Norfolk pigeon
The Norfolk pigeon or Norfolk Island pigeon, sometimes called the wood quest, is an extinct subspecies of the New Zealand pigeon that inhabited Norfolk Island. This population probably colonised Norfolk Island from New Zealand during the Pleistocene. It became extinct around the turn of the 20th century.
Taxonomy
German naturalist Johann Reinhold Forster described the Norfolk pigeon as Columba argetraea in 1794, however the name was not used. English ornithologist John Latham described it as Columba spadicea in his 1801 work Supplementum Indicis Ornithologici.Twenty specimens of the Norfolk Pigeon are known.
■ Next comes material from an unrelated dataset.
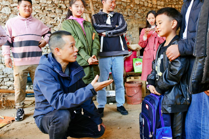 2021年全国两会前夕,李孝轩深入云南砚山县稼依镇落太邑村、维摩乡斗果小学等地,调研偏远山村孩子的入学情况和山区小学办学情况,开展相关帮扶。

Three of these are in the Natural History Museum, Leiden, two in the Natural History Museum New York and one specimen in World Museum Liverpool. DNA collected and analyzed from toepad tissue indicated that the Norfolk Island pigeon is genetically sister to the New Zealand Hemiphaga novaeseelandiae population.
Early records from Norfolk Island indicate the local people gave it the name "wood quest", however the name was not passed on from the second settlement to the Pitcairn settlers. The term is related to the words "queece", "queest" and "quist" used for the wood pigeon in the West Midlands and southwestern England.